Истинный путь спасения России оппонент Солженицына видел не в утопиях прошлого или будущего, а «в духовно-трезвом собирании и претворении в жизнь всего подлинного и вечного, создаваемого ею».

«Ответ Солженицыну» при всей его содержательности был лишь видимой частью тех разногласий, которые у Шмемана накопились, тем более что он был хорошо знаком с вышедшими до «Письма из Америки» сборником статей Солженицына и его единомышленников «Из-под глыб» и первым опытом мемуаристики писателя «Бодался теленок с дубом». В конце декабря 1974 — начале января 1975 года Шмеман и Солженицын виделись в Париже. После этого в дневнике Шмемана появилось несколько записей, где он говорит о своей готовности отстаивать «услышанное» в художественном творчестве Солженицына, но и о «желании быть совершенно свободным в отношении его идеологии», которая ему «прежде всего, несозвучна»[12]. В мае 1975 года состоялась их четырехдневная, «вдвоем, в отрыве от людей» встреча в Канаде («озерная»), позволившая Шмеману составить еще более точное представление о системе взглядов своего собеседника.

Что же вынес Шмеман из долгих разговоров с Солженицыным на берегу Онтарио?

Он диагностировал три «опухоли» в его мировоззрении. «Первая и, наверное, самая важная из них — это его отношение к России, качество его “национализма”». Солженицынский национализм не был слепком с национализма Достоевского и Толстого — у них он имел «какое-то религиозное и, следовательно, “универсальное” значение» («они его так или иначе оправдывают по отношению к тому, что считают высшей истиной или правдой: мессианское призвание России в истории у Достоевского, “правда жизни” у Толстого и т. д.»).
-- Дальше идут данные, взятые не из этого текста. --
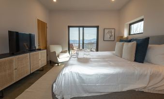 The beautiful wood floors and a kitchen equipped with high end finishes will have you wanting for nothing as you prepare your favorite dishes. With interiors that were decorated and designed by an internationally published designer Anil Kakar of Kakar House of Design , the main level living room is open and comfortable with a large TV and Wi-Fi throughout. Relax on the patio lounge area where you can relax and soak in the ever-changing views. With a main level ensuite bedroom and 2 more guest rooms on the lower level, you'll have plenty of room for everyone. Each bedroom feels like a luxury hotel suite. You'll wake up with breathtaking views each morning.

У Солженицына национализм выступает, по мнению Шмемана, всего лишь как русскость. «Эта русскость не есть синтез, сочетание, сложный сплав всех аспектов и всех “ценностей”, созданных, выношенных в России и, даже при своем противоречии, составляющих “Россию”». Русскость, воплощавшаяся у Солженицына в старообрядчестве, отталкивала Шмемана по причине не только отсутствия в ней «нравственного содержания», но и ее антиисторизма, отрицающего возможность самого развития «национального», наконец, утверждения в ней национального над личным. Понимание русскости «как самозамыкания в жизни только собою и своим» вело лишь к «самоудушению». «Для него (Солженицына. — В. К.) важным и решающим оказывается то, что, начиная с Петра, нарастает в России измена русскости — достигающая своего апогея в большевизме. Спасение России — в возврате к русскости, ради чего нужно и отгородиться от Запада, и отречься от “имперскости” русской истории и русской культуры»[13]. Шмеман не мог разделить такого видения исторического пути. По его убеждению, той России, которую Солженицын защищает и к которой он обращается, «нет и никогда не было»[14]. Подчиняя свое творчество только «русской жизни», «почвенности», «народности», он вытравляет из России все лучшее — ее «всемирность».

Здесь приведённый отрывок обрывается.